Your transcription must include every record word for word and no pictures.

::: LISTED RECORDS

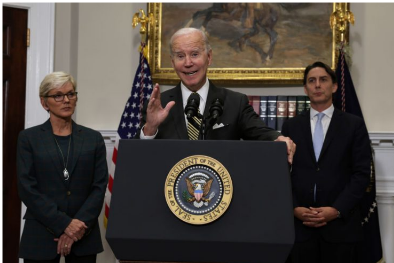
Energy Secretary Jennifer Granholm, President Joe Biden, and energy adviser Amos Hochstein

Energy Department said funding would 'ensure our clean energy future is American-made'
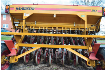
Haybuster Model 107
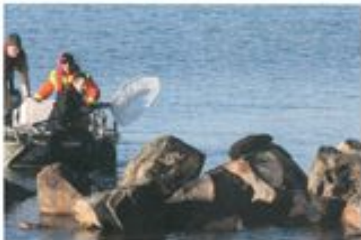
Melbourne Zoo wildlife experts move to relocate the visiting sub-Antarctic fur seal

An unexpected drama unfolded during July as penguins began to show signs of breeding activity and the need to complete the construction became all the more urgent. A young sub-Antarctic fur seal decided to holiday in St Kilda and took up residence in the construction zone. Following consultation with wildlife authorities, staff from Melbourne Zoo were called in to safely relocate the seal, enabling the construction to be completed soon after.
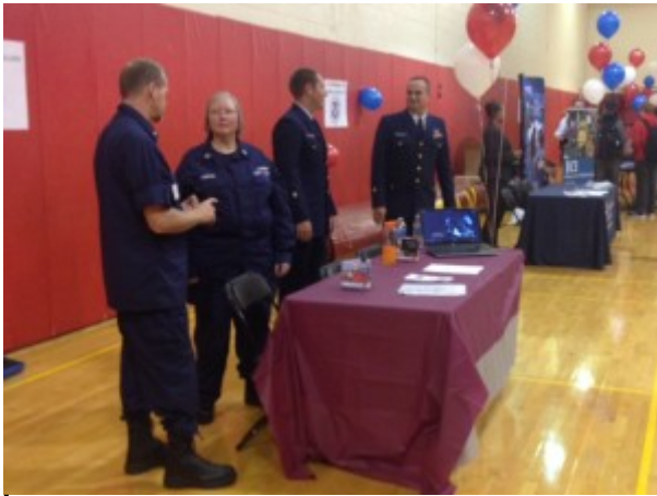
Students could interact with individuals from different branches of the military at Schaumburg High School.
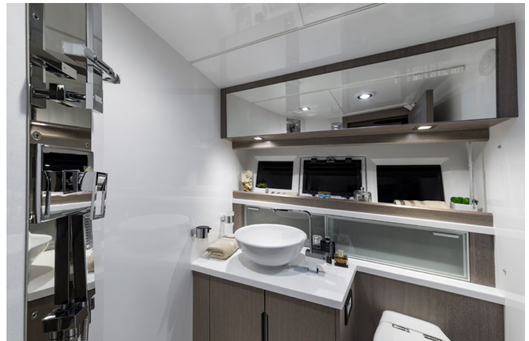
Bathroom with shower down below —

::::::

TASK ANSWER:
Energy Secretary Jennifer Granholm, President Joe Biden, and energy adviser Amos Hochstein

Energy Department said funding would 'ensure our clean energy future is American-made'
Haybuster Model 107
Melbourne Zoo wildlife experts move to relocate the visiting sub-Antarctic fur seal

An unexpected drama unfolded during July as penguins began to show signs of breeding activity and the need to complete the construction became all the more urgent. A young sub-Antarctic fur seal decided to holiday in St Kilda and took up residence in the construction zone. Following consultation with wildlife authorities, staff from Melbourne Zoo were called in to safely relocate the seal, enabling the construction to be completed soon after.
Students could interact with individuals from different branches of the military at Schaumburg High School.
Bathroom with shower down below —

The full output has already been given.